冬にわかれては「左脳を使ってない感じ」。寺尾紗穂ら3人で語る

冬にわかれて『なんにもいらない』
インタビュー・テキスト
小田部仁
撮影:松永つぐみ 衣装協力(寺尾紗穂):spoken words project 編集:山元翔一(CINRA.NET編集部)

今も「バンドやってます!」って現実感はそんなにない。(伊賀)

—おふたりは、寺尾さんのソロにもサポートとして参加していますよね。そもそも、なぜバンドをはじめたんでしょうか?

伊賀:吉祥寺で、まず一緒に昼飯食ったんだよね。

あだち:そのときに、寺尾さんに「バンドとしてやりましょう」って言われて。でも、ソロも一緒にやっているし、「何が変わるのかなぁ?」って思っていましたね。

伊賀:そうだった、そうだった。あだちくんとメールしたよね(笑)。それがまさか、こんなふうになるとは……。今も「バンドやってます!」って現実感はそんなにないですね。

寺尾:伊賀さんが前に「ベーシストとしてのサポート仕事が多くて、自分で作った曲をただ溜め込んでいて発表する場がない」というようなことを言っていたのを覚えていて。伊賀さんやあだちくんは、根本的には「作る人」だから、作ったものを披露する場を私たちで作れたら、いろんな意味でバランスが取れるんじゃないかなって思ったんですよね。

—おふたりは、寺尾さんの魅力はどんな部分にあると思いますか?

伊賀:そうですね……透明感ですかね(笑)。

寺尾:笑いながら言わないでよ!(笑)

左から:伊賀航、寺尾紗穂、あだち麗三郎
左から:伊賀航、寺尾紗穂、あだち麗三郎

あだち:ふふふ。僕は真面目に(笑)。寺尾さんは、音楽の表現が何かを伝えるためのツールだっていうことを割り切っているところがスゴイですよね。音楽家ってどうしても音にこだわってしまうんですけど、コミュニケーションの一手段として寺尾さんはやってる。そうやって、自分の思いと音楽を直結させてやることって、勇気がいることだと思うんです。

—ソロのときとは何かアプローチは違いますか?

あだち:ソロのときは、僕や伊賀さんはアレンジに関わってないんですよ。レコーディングスタジオに行って、その場でちょっとだけ考えて、パッと録る感じが、いつもの寺尾さんのスタイルなので。バンドだと、もっと凝ったアレンジとかができて楽しいですね。

寺尾:ソロは2人に割り切ってもらうプロジェクトですね。自分のなかでは、曲ってできた瞬間にもうほとんど完成していて。自分のピアノ以外に何か音を入れるにしても、1つか2つ音を足すぐらいで。バンドは、それとは全然違いますね。

寺尾紗穂『楕円の夢』(2015年)収録曲

寺尾紗穂『たよりないもののために』(2017年)収録曲

寺尾:やっぱり私のソロを聴いてくれる人って、歌詞をよく聴く人だと思うんです。私自身、歌詞は大事にしています。確かにあだちさんが言ったとおり、言葉が第一で、それを伝える最低限の手段としてピアノがあって、歌いたいことがあるから歌うって感じだったんですね。音楽として、曲として、それを育てていく感覚はバンドならではだと思いますね。

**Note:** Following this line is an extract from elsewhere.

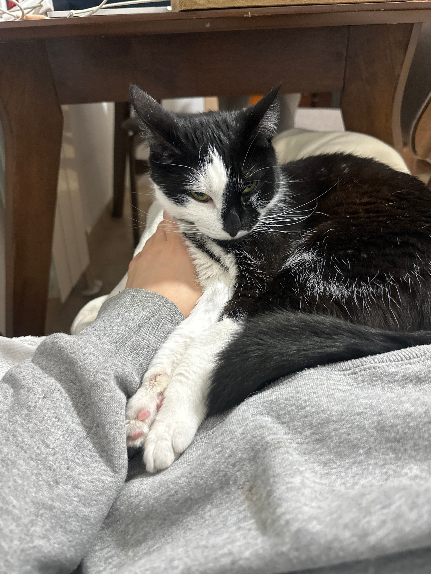 A black and white cat is nestled in the arm of a person wearing a gray sweatshirt. The cat's white paws are visible. The scene appears to be indoors, with parts of a wooden table and chair visible in…read more

—もっと有機的に関わり合いながら、それこそ3人で「創作」していく場ということですか?

寺尾:そうですね。“月夜の晩に”とかは、そのプロセスが逆に大変でしたね。普通に自分が1人で弾き語りするのは簡単なんですよ。でも、冬にわかれてはベースがいるから、あんまり左手を弾きすぎちゃうとダメで。

寺尾紗穂
寺尾紗穂

伊賀:“おかしなラストプレイ”とか面白かったな。いろんなリズムとか構成を試して、小節の長さとかも変えて、演奏してみたんですけど。結局、最初に寺尾さんが持ってきた形に落ち着いて。いろいろやったけど、そうなった……っていうのがよかったんですよね。

寺尾:あの曲は思い出深いね。あだちくんが「この辺で、ピアノで何かできない?」とかアイデアをくれて、いろいろ考えてやってみたんです。完成したものを聴いてみたら、その指摘してくれた部分がすごく曲を引き立ててくれていて、驚きました。弾き語りで完成している曲を一度解体して、バンドで作り直していくというような感じでした。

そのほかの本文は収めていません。